Wernher von Braun and his team of rocket scientists changed all that. Following in the developmental footsteps of American scientist Robert Goddard, von Braun's team created a continuously-improved collection of liquid-fueled missiles in the mid-1930s called the Aggregat series. Aggregat-1 was a 4-foot-tall rocket with a gyroscope in the nose, and incorporated Goddard's turbo-pump ideas to move fuel into the engine. The second group of Aggregat rockets were fully operational and flew in test launches to altitudes over a mile high. The A3 series, although never successfully launched, incorporated both a stabilizing gyroscope, plus two additional "steering" gyroscopes that manipulated thrust vanes placed in the path of the rocket exhaust.

Dr. von Braun, at right, explaining rocketry to his customer base.
"Nazi, Shmatzi," says Wernher von Braun.
Then came the A4, or as the Nazis named it, Vergeltungswaffe 2 (Vengence Weapon 2), or V-2. The V-2 was huge - over 45 feet tall, and capable of carrying a 500-lb. payload 55 miles into the sky, and then hit a target 200 miles away at more than four and a half times the speed of sound. It wasn't very accurate, but the speed and the magnitude of the destruction where it landed was a significant advancement in rocket warfare. By the time World War II ended, three thousand V-2s had killed over seven thousand military and civilians on the ground.

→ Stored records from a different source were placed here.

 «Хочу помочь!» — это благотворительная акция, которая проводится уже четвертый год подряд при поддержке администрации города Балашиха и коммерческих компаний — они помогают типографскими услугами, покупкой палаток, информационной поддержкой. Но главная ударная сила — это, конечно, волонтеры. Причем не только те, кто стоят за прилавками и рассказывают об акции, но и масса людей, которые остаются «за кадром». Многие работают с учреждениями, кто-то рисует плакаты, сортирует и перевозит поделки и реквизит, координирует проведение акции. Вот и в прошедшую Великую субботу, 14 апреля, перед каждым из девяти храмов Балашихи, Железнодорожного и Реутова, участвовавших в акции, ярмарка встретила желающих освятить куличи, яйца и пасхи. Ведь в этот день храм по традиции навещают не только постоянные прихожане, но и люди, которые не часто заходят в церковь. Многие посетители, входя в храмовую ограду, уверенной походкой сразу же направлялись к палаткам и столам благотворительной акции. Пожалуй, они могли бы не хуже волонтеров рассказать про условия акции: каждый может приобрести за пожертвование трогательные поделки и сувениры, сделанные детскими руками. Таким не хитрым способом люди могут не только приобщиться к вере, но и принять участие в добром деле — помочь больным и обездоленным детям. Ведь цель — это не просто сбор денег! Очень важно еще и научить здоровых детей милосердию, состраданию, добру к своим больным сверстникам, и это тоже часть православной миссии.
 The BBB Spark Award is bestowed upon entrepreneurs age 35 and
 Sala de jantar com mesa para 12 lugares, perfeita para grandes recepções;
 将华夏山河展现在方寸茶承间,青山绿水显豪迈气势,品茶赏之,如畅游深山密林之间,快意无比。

After the war, the United States military snapped up von Braun's rocketeers in Operation Paperclip, shuffling the German rocket scientists off to the desert of White Sands, New Mexico. Here, in what the license plates call the Land of Enchantment, von Braun's scientists were given access to the captured equipment from their V-2 days, and instructed to build follow-on missiles with extended range and payload-carrying abilities.
I thought the V2s were all black-and-white, but many were in yellow jacket color schemes.

Among the captured V-2 equipment were entire, unfired V-2 rockets. The Germans tinkered with the war machines, recalibrating the gyroscopes and aligning the rocket vanes to carry the payloads to higher altitudes.

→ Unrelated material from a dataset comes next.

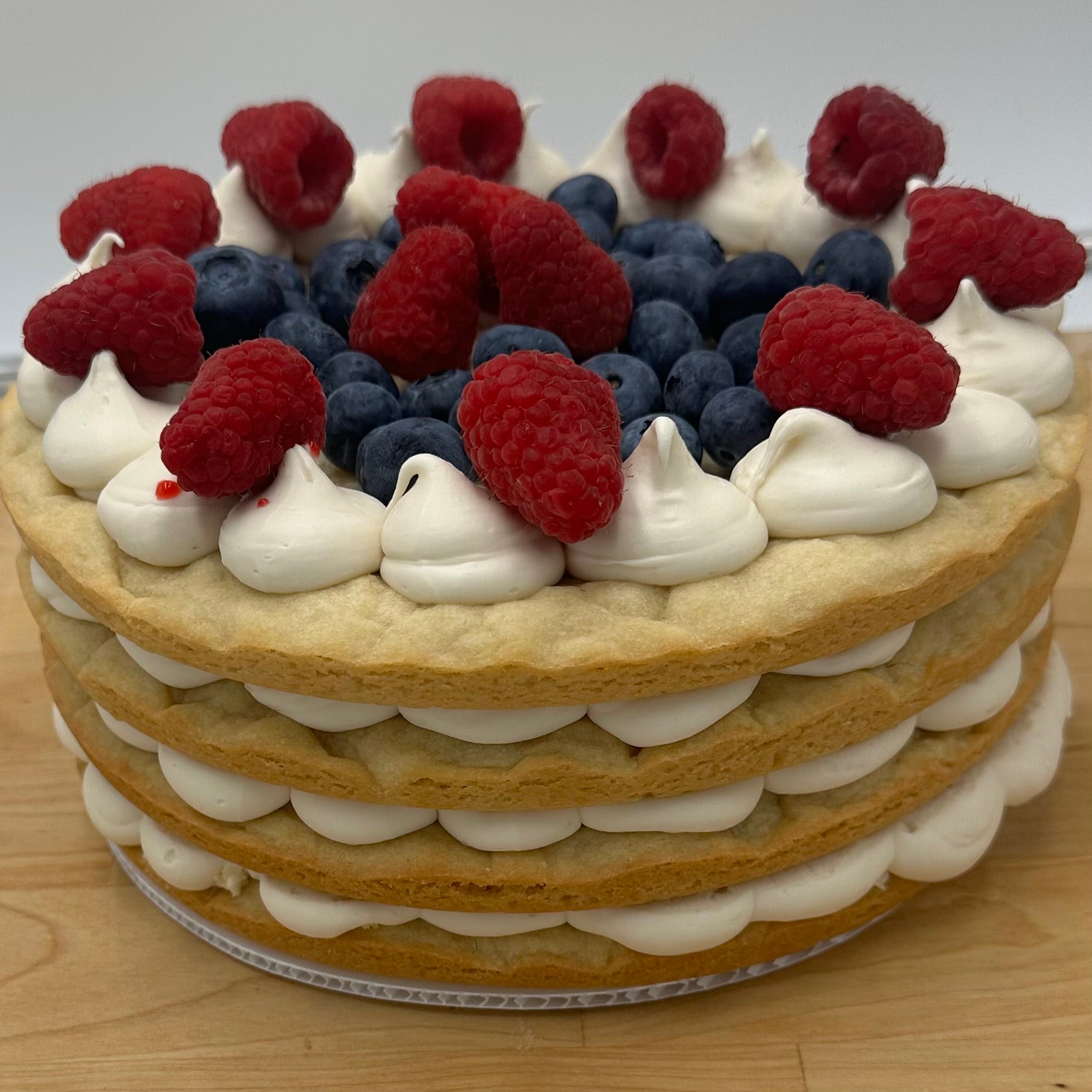 This is a 9" 4 tiered sugar cookie cake topped with marshmallow buttercream and your choice of fruit.

On October 24th, 1946, the thirteenth post-war V-2 was launched in a near vertical configuration. Inside the nose of the rocket, a 35mm motion picture camera was bolted next to an inspection porthole and aimed perpendicular to the direction of travel. A steel ball bearing in a tube leaned against a lever that sat atop the camera's shutter release. When the engine thrust ceased after 45 seconds, the ball bearing (and everything else in the ship) would experience zero gravity, and would no longer be pressing down on the lever. The shutter clicked at an altitude of 65 miles, and this is the first image created by that action:
High over New Mexico

The camera took another picture every 1.5 seconds for the rest of the trip, as the V-2 coasted up to an altitude of 107.5 miles before falling back to Earth. The ship pranged into the desert floor a few minutes later, destroying the rocket and the camera, but leaving the sturdy frame of the film cassette unscathed.

Before the launch, the most distant photos of Earth were taken from balloons at an altitude of 13 miles. This mission moved that record to an altitude five times the previous height. This photo, showing the curvature of the Earth, and taken from the edge of space, can easily be considered the first photograph of the Space Age.